Get optimized context for your LLM

messages()

Get optimized messages array for LLM APIs. Compatible with OpenAI and Anthropic.

const response = await openai.chat.completions.create({
  model: 'gpt-4o',
  messages: ctx.messages(),  // Optimized!
})

compile()

Get full compilation result with messages and optimization stats.
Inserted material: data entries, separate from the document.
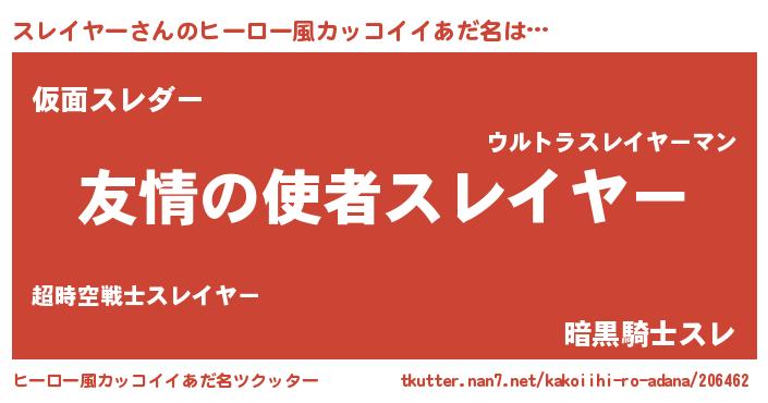 | 男性向けラノベタイトル風あだ名 | 『おまえをオタクにしてやるから、俺をスレイヤーにしてくれ! 』 |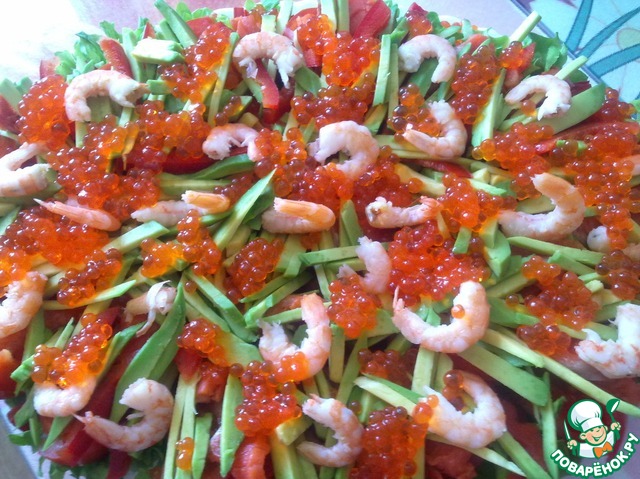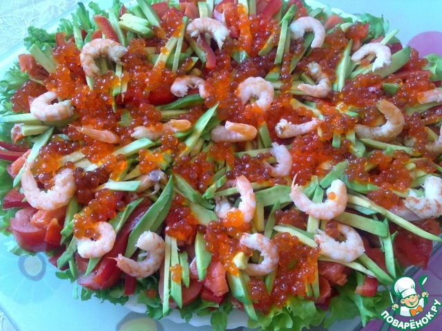 Креветки отварить в кипящей подсоленной воде в течение 3 минут. Готовые креветки очистить от панциря и выложить на авокадо. Затем (по желанию) украсить салат аналогом красной икры.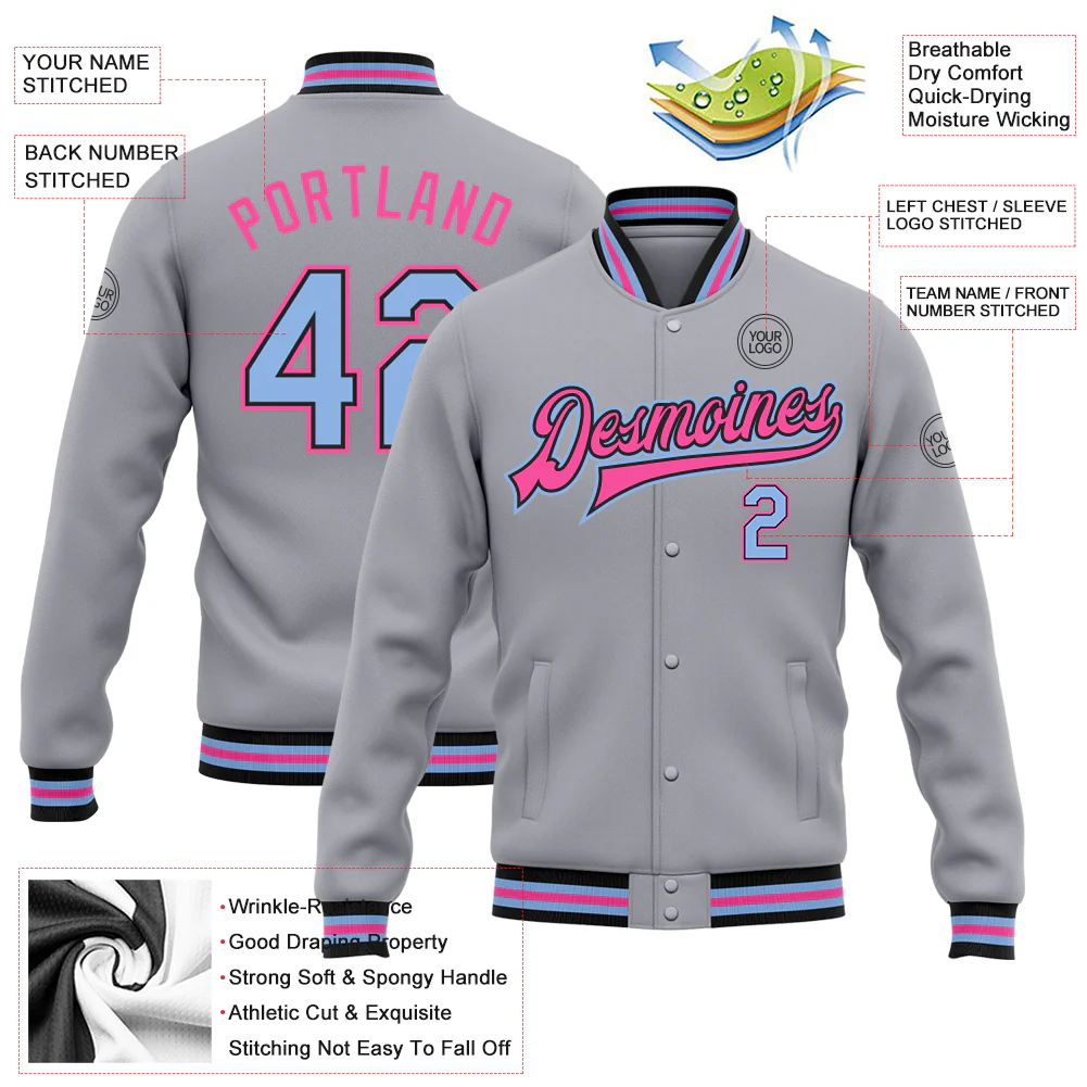 Custom Gray Light Blue Black-Pink Bomber Full-Snap Varsity Letterman Jacket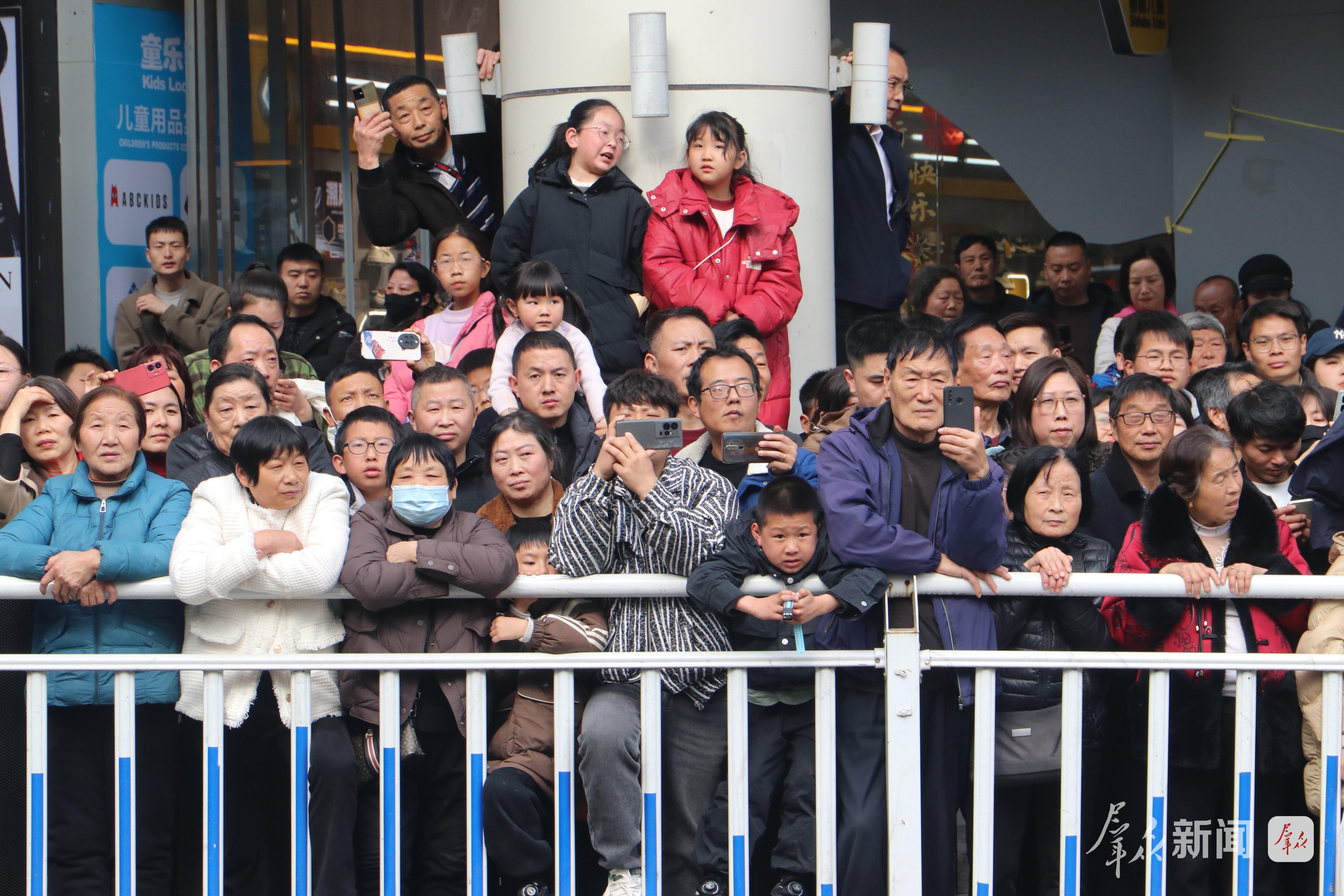巡游沿途,观众呼朋引伴、摩肩接踵,欢呼声、喝彩声此起彼伏。大家纷纷拿出手机、相机记录精彩瞬间,大人小孩脸上都洋溢着新春的喜悦,不少市民跟着队伍一路前行,沉浸式体验社火巡游的热闹。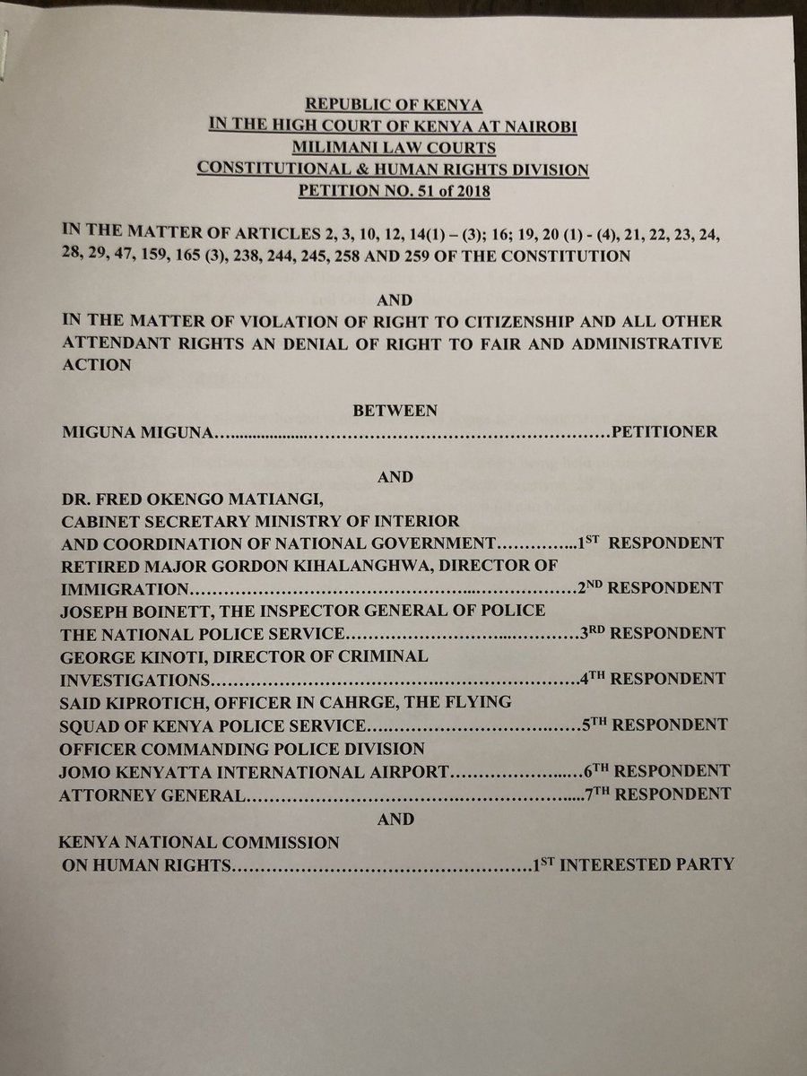 alma1 wrote:hardwood wrote:alma1 wrote:Ngalaka wrote:In light of the new Court orders of today (NB I say this based on what has been posted here, trusting it to be legitimate), the autorities - Police and immigration official MUST comply and present Miguna in Court tomorrow but under guard.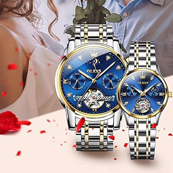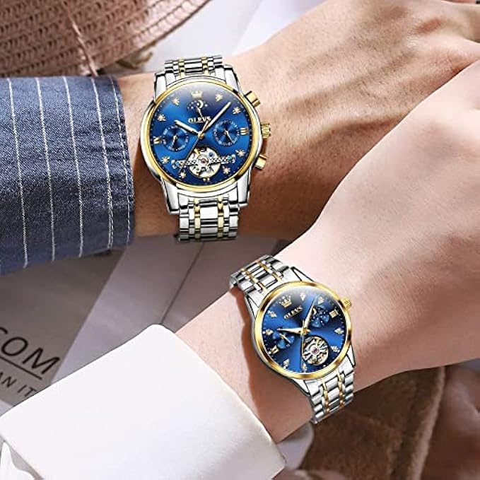 OLEVS Valentines Couple Pair Automatic Watches His and Her Couple Set Diamond Wrist Watch Men and Women Lovers Wedding Romantic Gifts Set of 2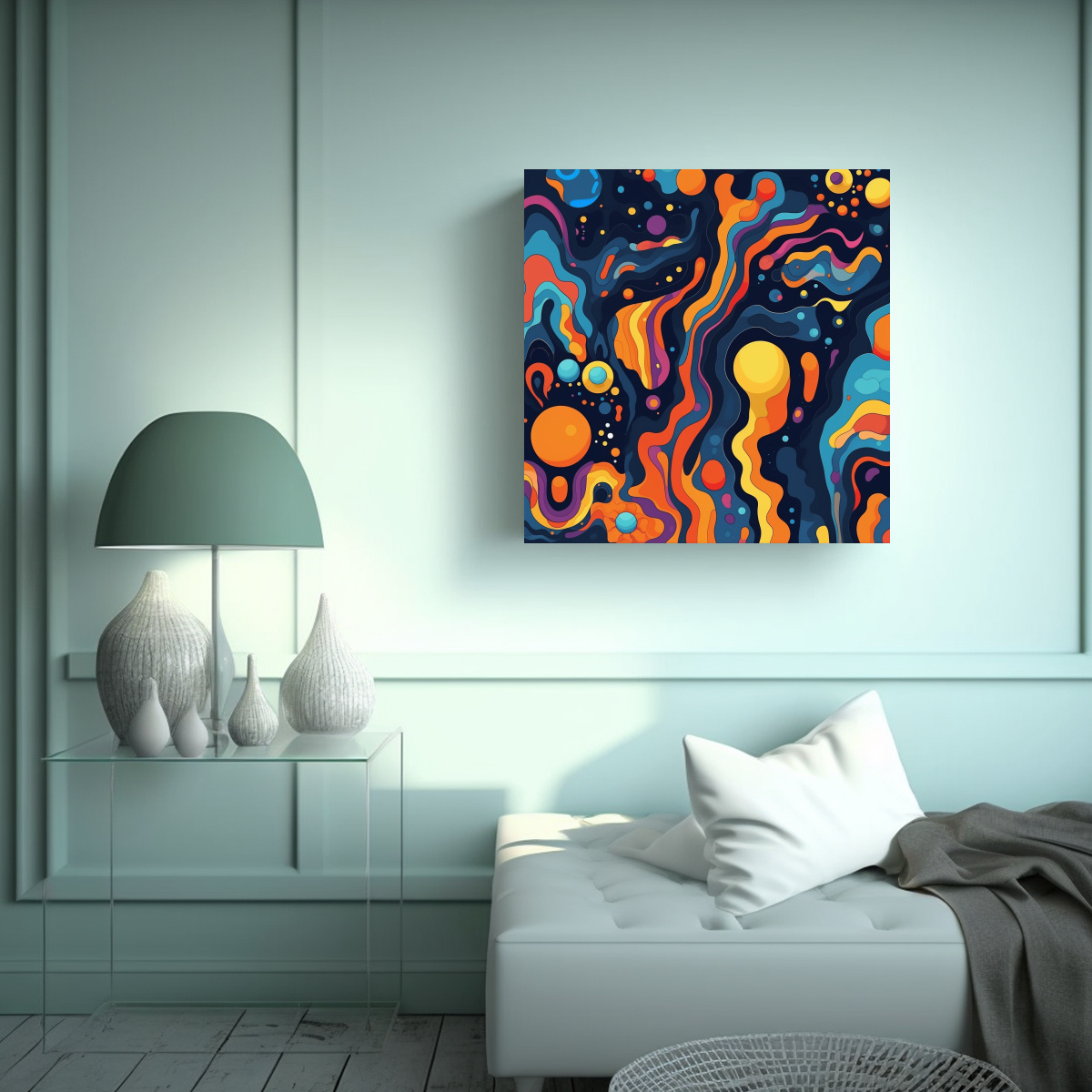 Este cuadro de Pinturas decorativas de lienzo con patrones de fondo psicodélicos y movimiento impactante en colores como Coral, Turquesa, Azul Marino grisaceo, Dorado, Menta, Chocolate y Lila, es perfecto para darle vida y energía a tu sala de estar o dormitorio Su diseño único y vibrante se convertirá en el centro de atención de cualquier espacio Combínalo con muebles en tonos neutros para crear un contraste llamativo, o con colores similares para lograr una armonía cromática ¡Deja que este cuadro sea el protagonista de tu decoración!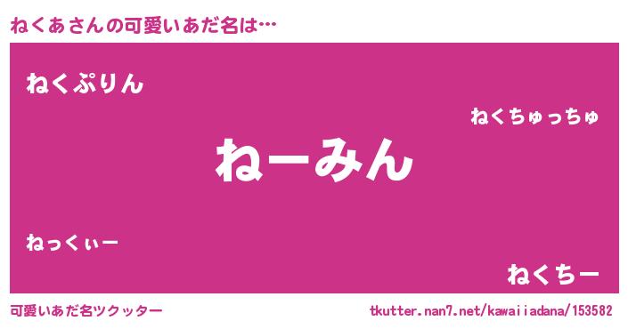 | 意味不明あだ名 | 『もやし科ねくあ属』『永久保存ねくあ』 |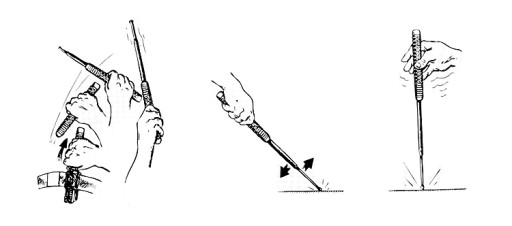 Телескопічна палиця, т. зв пруток, виготовлений з оксидованої (чорненої) інструментальної сталі. Дуже міцний і стійкий до механічних пошкоджень.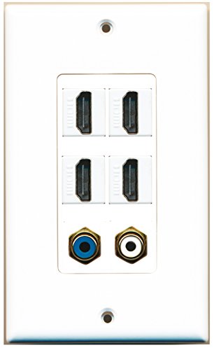 RiteAV - 4 Port HDMI 1 RCA White 1 RCA Blue Wall Plate Decorative
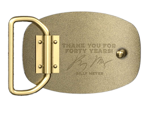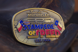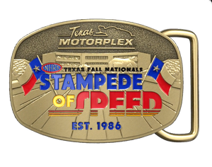 This commemorative belt buckle was produced in limited quantities. It features 3D relief sculpting, antique bronze finish and enamel color fill. The back of the buckle is engraved with a message from Texas Motorplex founder, Billy Meyer.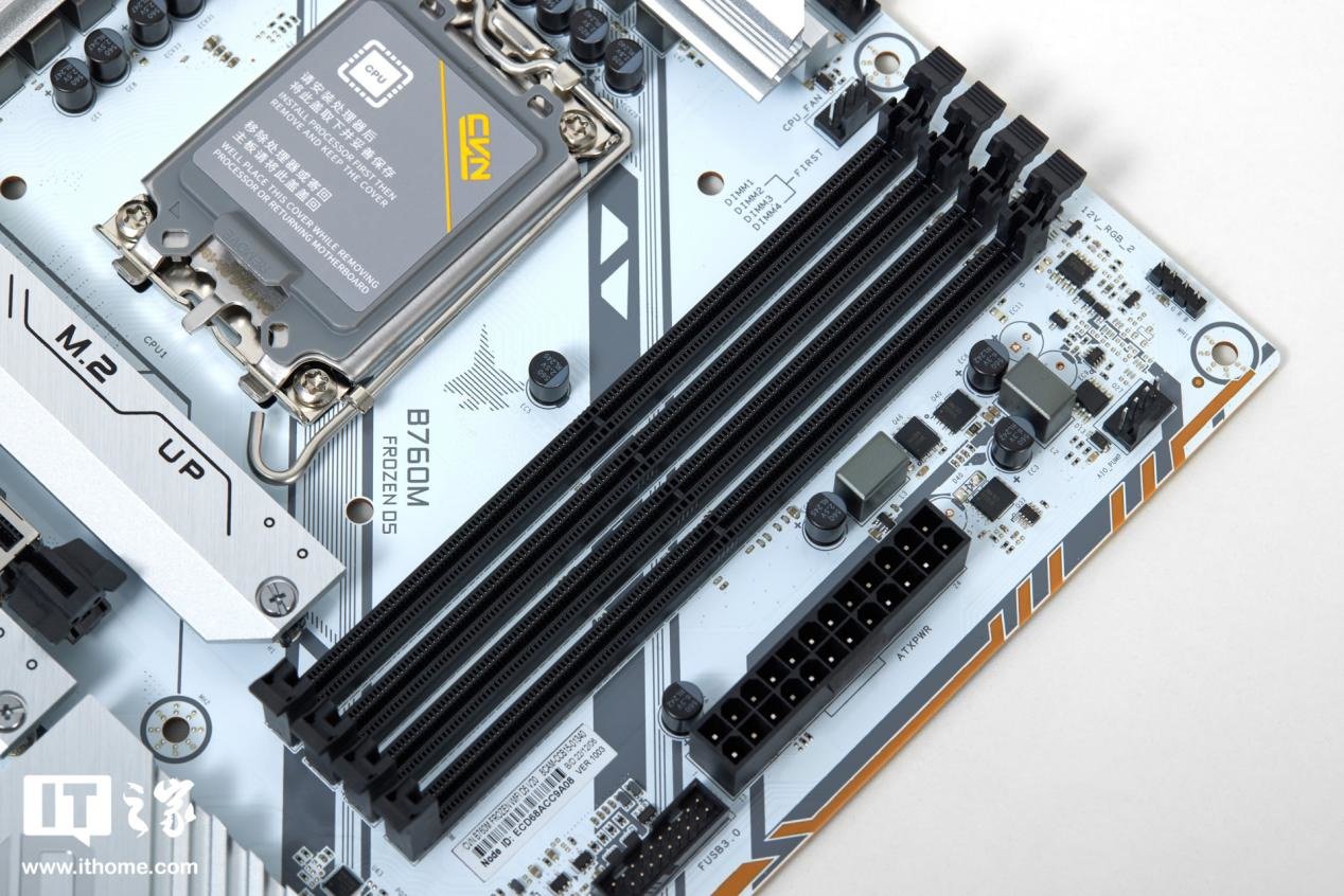 B760 系列芯片组的一大升级之处在于,进一步强化了 DDR5 内存的支持,可以上到更高的频率。因此如果你想买 B760 系列主板的话,那么笔者都推荐直接上 DDR5 版本。七彩虹 CVN B760M FROZEN WIFI D5 V20 主板提供了 4 个 DDR5 内存插槽,

const { messages, optimization, stopSignal } = ctx.compile()
console.log(optimization.savingsPercent) // 45

Stop Signal Methods

Detect when to stop the agent loop

stop()

Check if the agent should stop. Returns true for loops, failures, or goal completion.

while (true) {
  // ... agent logic
  if (ctx.stop()) break
}

reason()

Get the stop reason when stop() returns true.

if (ctx.stop()) {
  const signal = ctx.reason()
  console.log(signal.reason)      // "repeated_failure"
  console.log(signal.confidence)  // 0.85
}

Stop Reasons

Reason	Description
repeated_failure	3+ consecutive errors
no_progress	Same action repeated 5x
goal_achieved	Success indicators detected
turn_limit	50+ turns executed

Statistics Methods

Track optimization and savings

saved()

Quick summary of token savings and cost reduction.

console.log(ctx.saved())
// { tokens: 5000, percent: 45, cost: 0.05 }

stats()

Detailed statistics about context and optimization.

console.log(ctx.stats())
// {
//   turnCount: 25,
//   totalTokens: 12000,
//   maskedTokens: 7000,
//   summarizedTokens: 0,
//   compressionRatio: 0.58
// }

Persistence Methods

Save and restore context across sessions

save()

Export context for persistence. Returns a serializable object.

const data = ctx.save()
localStorage.setItem('context', JSON.stringify(data))

Advanced API (ContextSession)

For full control over optimization behavior, use ContextSession directly.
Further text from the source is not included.